Abstract:Neural networks are increasingly used in environmental science applications. Furthermore, neural network models are trained by minimizing a loss function, and it is crucial to choose the loss function very carefully for environmental science applications, as it determines what exactly is being optimized. Standard loss functions do not cover all the needs of the environmental sciences, which makes it important for scientists to be able to develop their own custom loss functions so that they can implement many of the classic performance measures already developed in environmental science, including measures developed for spatial model verification. However, there are very few resources available that cover the basics of custom loss function development comprehensively, and to the best of our knowledge none that focus on the needs of environmental scientists. This document seeks to fill this gap by providing a guide on how to write custom loss functions targeted toward environmental science applications.
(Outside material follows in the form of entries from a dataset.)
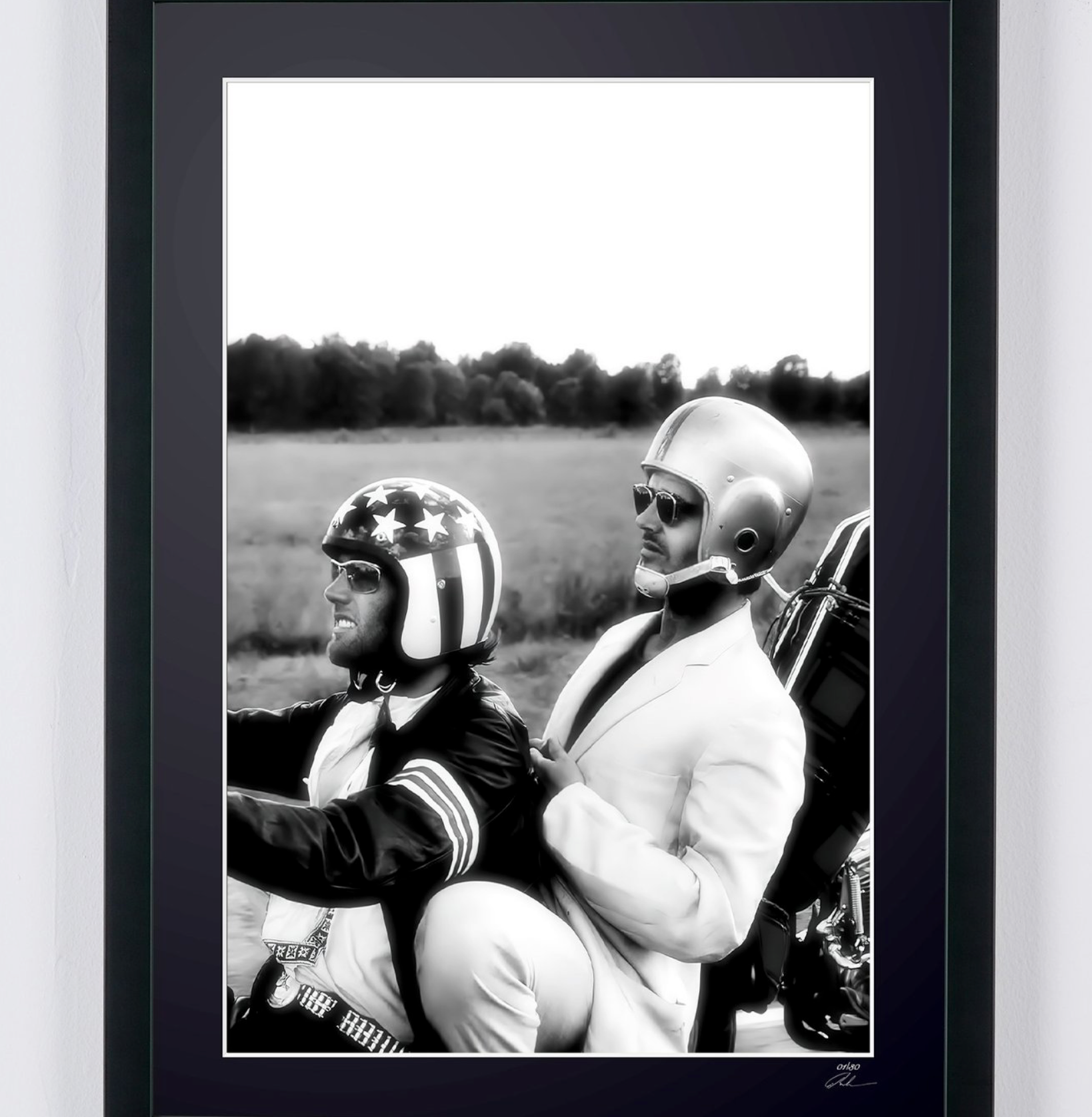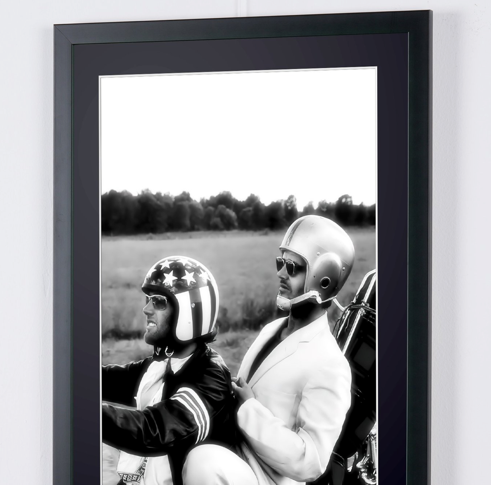 Foto incorniciata tratta da "Easy Rider (1969) - Jack Nicholson, George Hanson e Peter Fonda, Wyatt" — Stampa artistica in bianco e nero su carta Fine Art 70x50 cm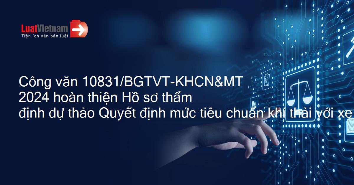 Công văn 10831/BGTVT-KHCN&MT 2024 hoàn thiện Hồ sơ thẩm định dự thảo Quyết định mức tiêu chuẩn khí thải với xe cơ giới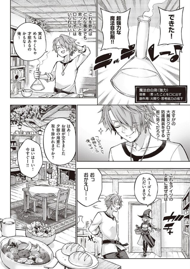 孤児の俺を育ててくれた巨乳魔女のクロエ。なぜ親切にしてくれるのか疑問に思った俺は、彼女の気持ちを知るため、自白剤をこっそり投与することに。薬の効果でしっかりと自白してしまったクロエは、恥ずかしくなったようで仕返しとして俺の局部を舐めだして!?超大型新人・メツブシ先生贈る、クールな巨乳美人魔女は弟子に自白薬を盛られて…秘めたアツーイ想いをマジ告白!?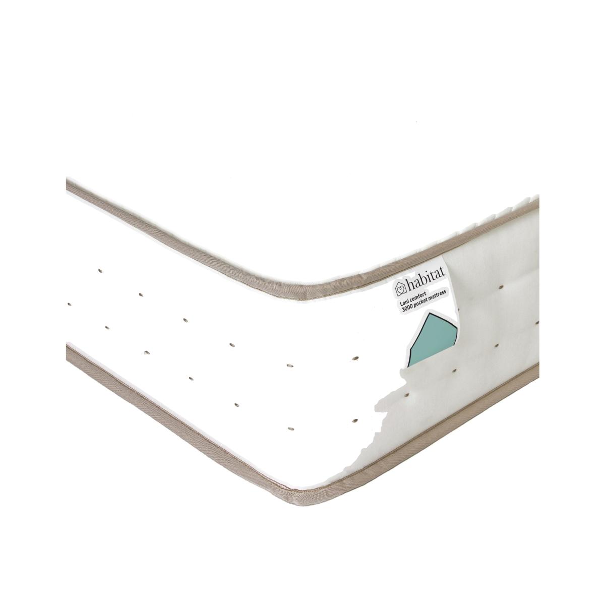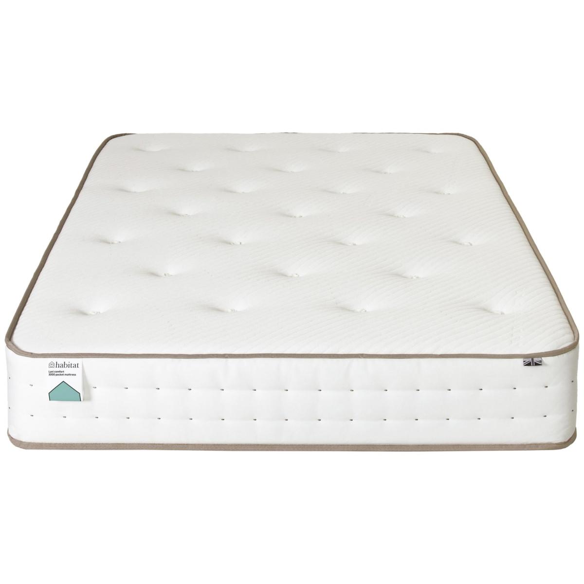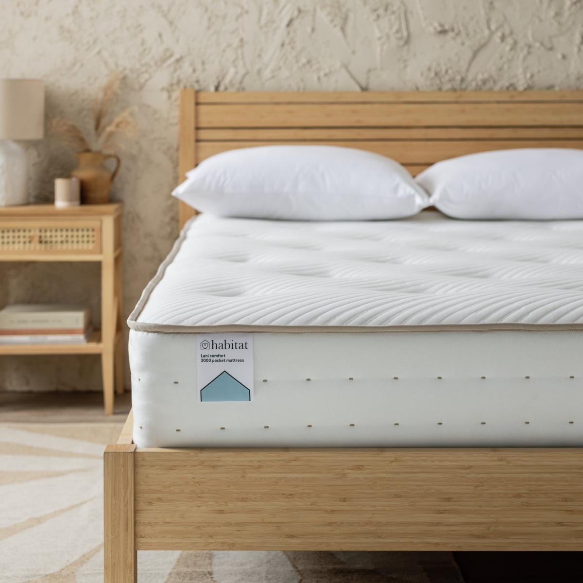 Naturally relaxing. Certified 100% British wool is the hero filling inside our Habitat exclusive tufted Lani mattress. Foam free, hypoallergenic and breathable. With 2000 individually responsive pocket springs, enhanced by a 1000 mini-pocket spring layer, that together mellow any movement. No wonder this mattress is called Comfort. Easy to care for. No need to turn this mattress. A simple, regular rotation keeps it in tip top shape. At Argos Home we want you to get the best night's sleep possible, so we offer a 100 night comfort promise on our mattresses. Try your new mattress for up to 100 nights and if you aren't sleeping soundly, we'll offer you an exchange for one that suits you better. Part of the Lani collection. Firm feel. Pocket sprung mattress with 3000 springs. Knit cover with tufted finish. No roll together. Anti allergy. Mattress size W135, L190, D28cm. No-turn mattress. Rotate mattress regularly. Made in the UK.

Topics include the basics of writing custom loss functions, common pitfalls, functions to use in loss functions, examples such as fractions skill score as loss function, how to incorporate physical constraints, discrete and soft discretization, and concepts such as focal, robust, and adaptive loss. While examples are currently provided in this guide for Python with Keras and the TensorFlow backend, the basic concepts also apply to other environments, such as Python with PyTorch. Similarly, while the sample loss functions provided here are from meteorology, these are just examples of how to create custom loss functions. Other fields in the environmental sciences have very similar needs for custom loss functions, e.g., for evaluating spatial forecasts effectively, and the concepts discussed here can be applied there as well. All code samples are provided in a GitHub repository.